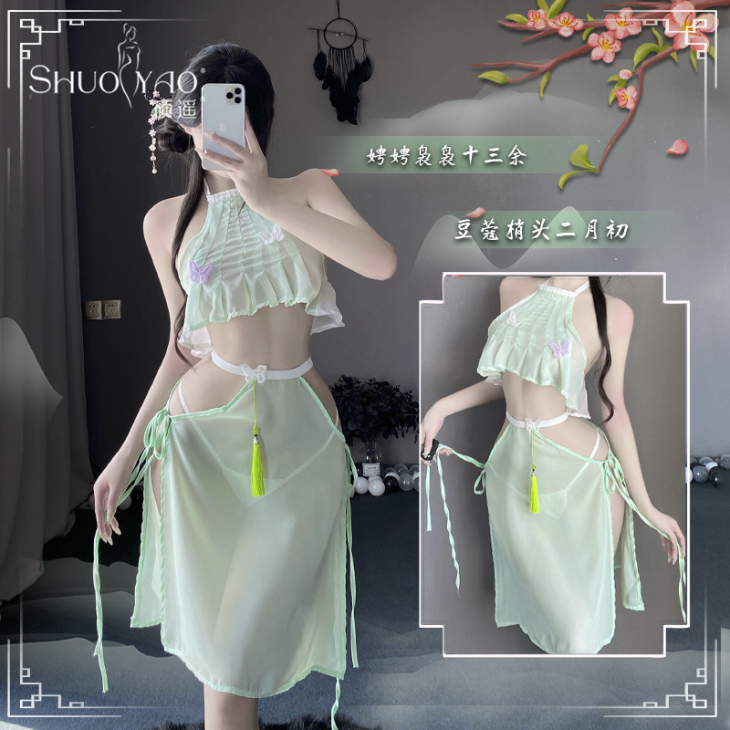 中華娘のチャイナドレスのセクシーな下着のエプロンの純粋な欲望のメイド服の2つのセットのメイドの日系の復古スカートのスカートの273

==

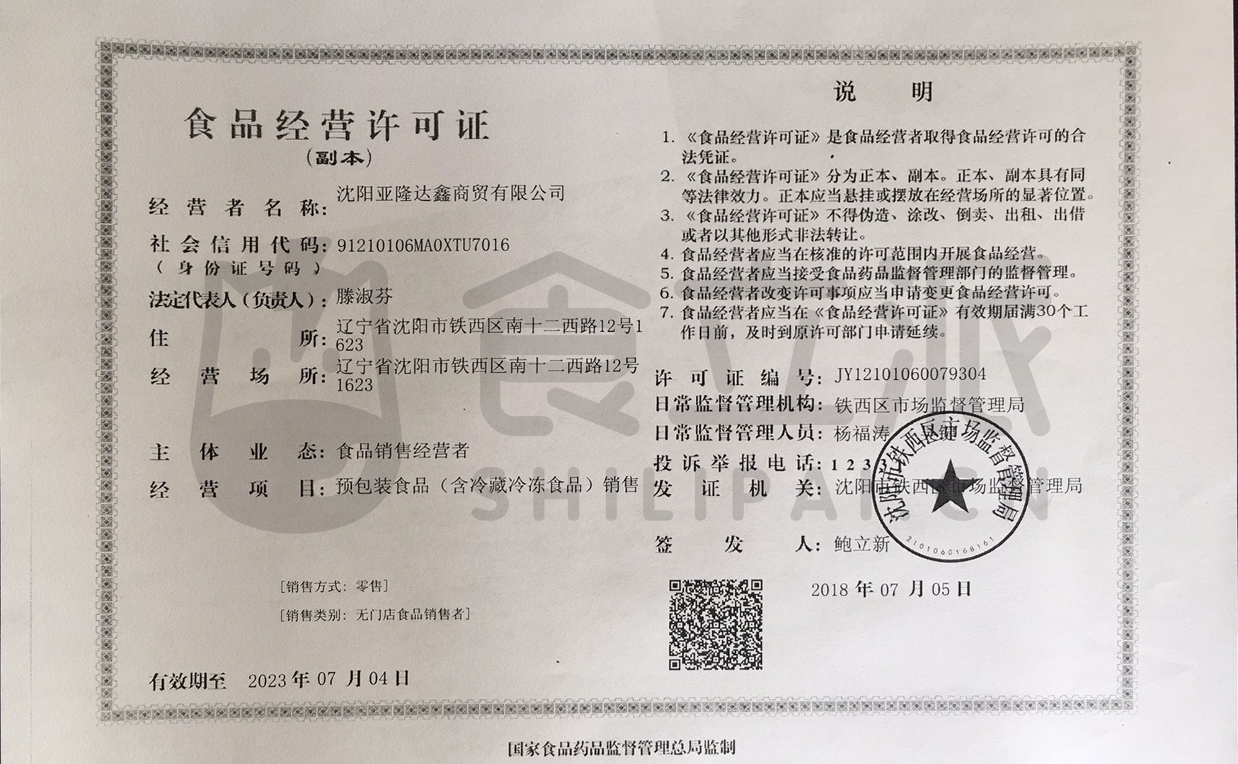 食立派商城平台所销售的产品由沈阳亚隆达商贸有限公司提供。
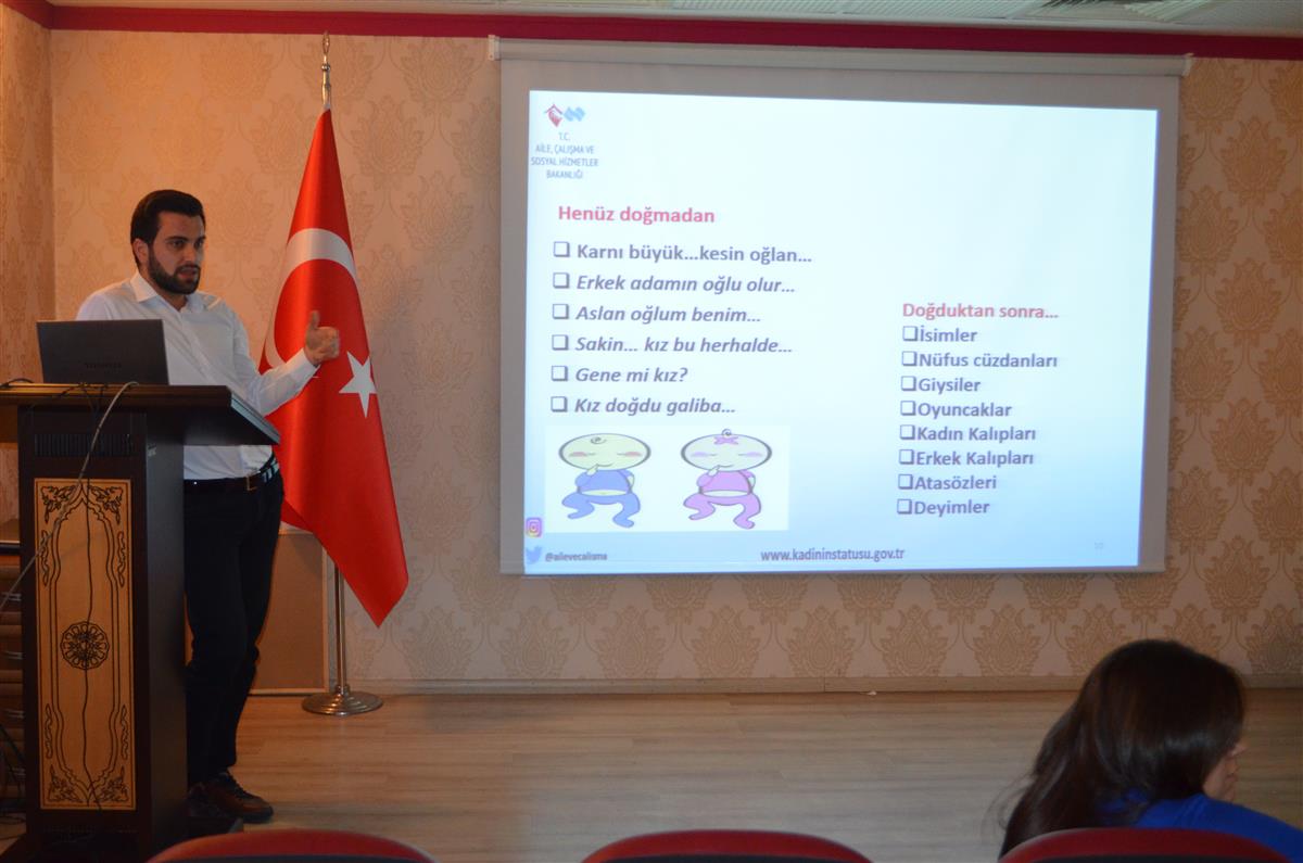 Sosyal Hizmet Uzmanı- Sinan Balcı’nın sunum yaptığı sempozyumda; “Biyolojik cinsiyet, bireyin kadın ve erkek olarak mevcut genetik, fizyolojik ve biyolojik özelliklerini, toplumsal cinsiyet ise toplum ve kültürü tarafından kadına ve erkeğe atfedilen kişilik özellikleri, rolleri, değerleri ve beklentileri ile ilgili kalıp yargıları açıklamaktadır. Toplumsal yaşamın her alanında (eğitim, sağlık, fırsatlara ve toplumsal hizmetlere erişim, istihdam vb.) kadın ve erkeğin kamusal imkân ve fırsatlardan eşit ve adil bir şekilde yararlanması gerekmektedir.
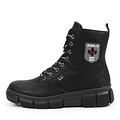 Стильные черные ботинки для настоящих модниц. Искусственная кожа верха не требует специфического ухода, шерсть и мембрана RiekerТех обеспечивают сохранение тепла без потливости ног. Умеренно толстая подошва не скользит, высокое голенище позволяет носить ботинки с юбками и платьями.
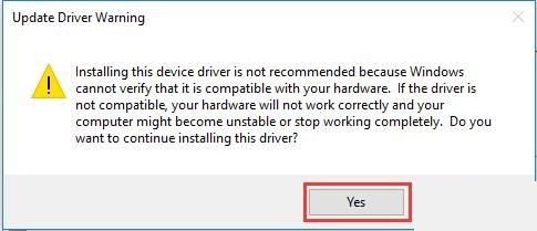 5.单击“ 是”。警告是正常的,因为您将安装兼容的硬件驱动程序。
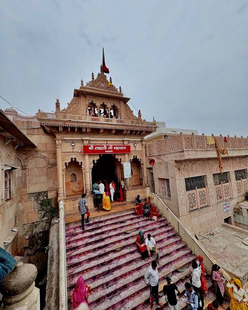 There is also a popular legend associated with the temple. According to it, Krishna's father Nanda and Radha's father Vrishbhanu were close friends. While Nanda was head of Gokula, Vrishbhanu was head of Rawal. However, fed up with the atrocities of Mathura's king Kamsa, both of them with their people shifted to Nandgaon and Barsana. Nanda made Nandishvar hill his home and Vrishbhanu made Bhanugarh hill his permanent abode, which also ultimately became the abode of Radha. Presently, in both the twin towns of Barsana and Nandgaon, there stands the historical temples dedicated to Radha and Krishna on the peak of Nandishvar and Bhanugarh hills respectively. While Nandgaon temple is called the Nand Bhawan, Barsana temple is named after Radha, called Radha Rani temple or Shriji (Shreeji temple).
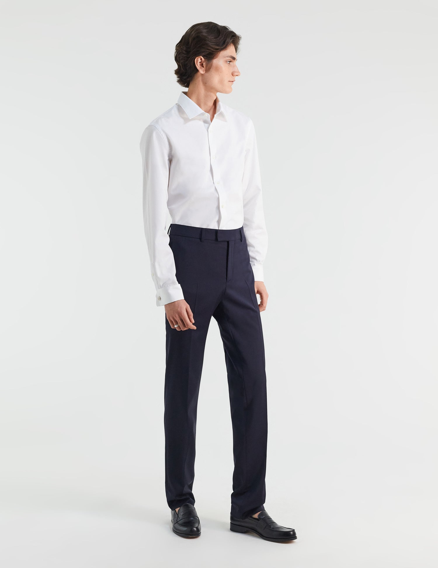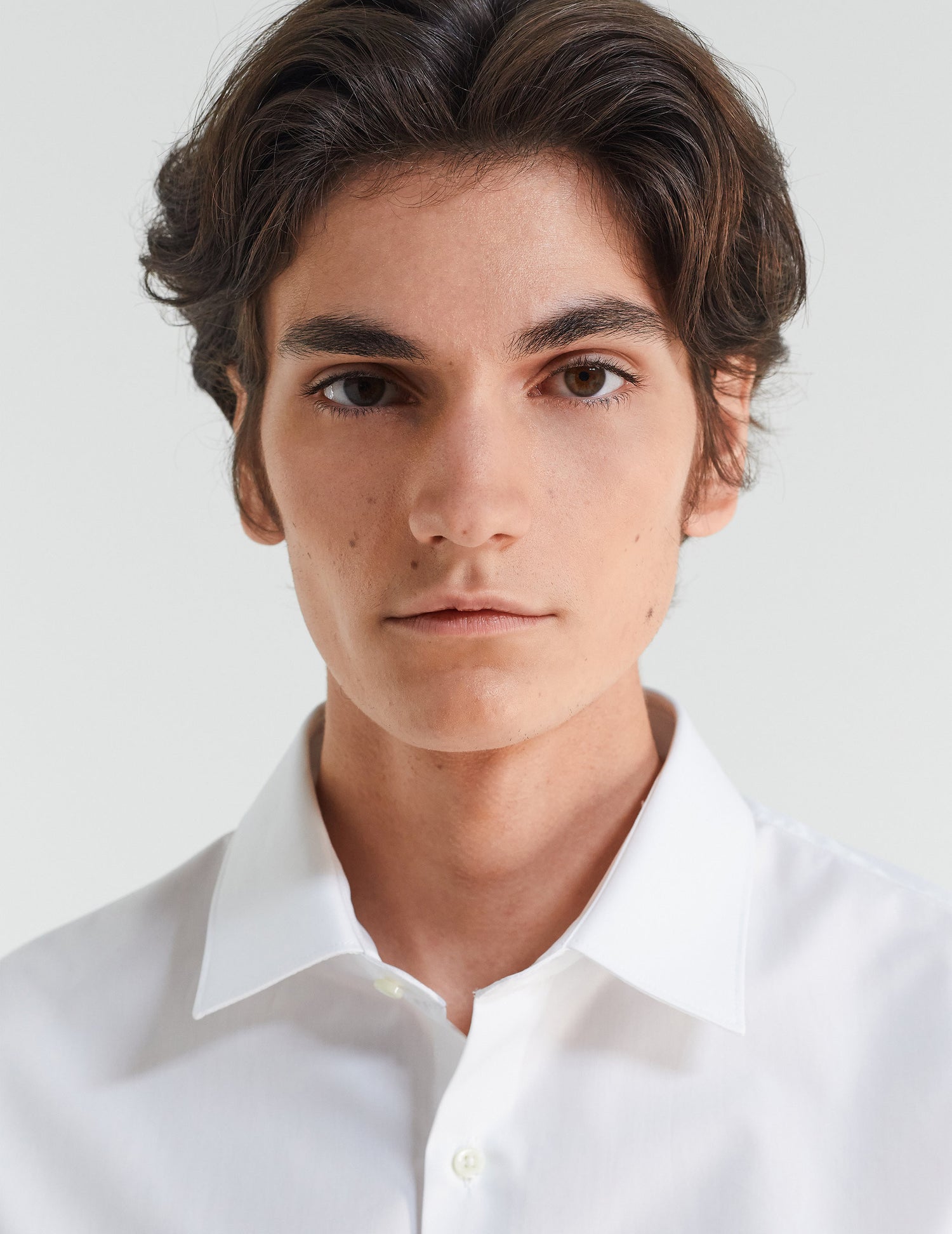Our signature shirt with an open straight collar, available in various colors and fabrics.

#### Work item
Your answer must be the exact lines from the records above, from the one containing "Стильные черные ботинки" through the one containing "Our signature shirt", both included, with every picture left out.

#### Answer box
 Стильные черные ботинки для настоящих модниц. Искусственная кожа верха не требует специфического ухода, шерсть и мембрана RiekerТех обеспечивают сохранение тепла без потливости ног. Умеренно толстая подошва не скользит, высокое голенище позволяет носить ботинки с юбками и платьями.
 5.单击“ 是”。警告是正常的,因为您将安装兼容的硬件驱动程序。
 There is also a popular legend associated with the temple. According to it, Krishna's father Nanda and Radha's father Vrishbhanu were close friends. While Nanda was head of Gokula, Vrishbhanu was head of Rawal. However, fed up with the atrocities of Mathura's king Kamsa, both of them with their people shifted to Nandgaon and Barsana. Nanda made Nandishvar hill his home and Vrishbhanu made Bhanugarh hill his permanent abode, which also ultimately became the abode of Radha. Presently, in both the twin towns of Barsana and Nandgaon, there stands the historical temples dedicated to Radha and Krishna on the peak of Nandishvar and Bhanugarh hills respectively. While Nandgaon temple is called the Nand Bhawan, Barsana temple is named after Radha, called Radha Rani temple or Shriji (Shreeji temple).
Our signature shirt with an open straight collar, available in various colors and fabrics.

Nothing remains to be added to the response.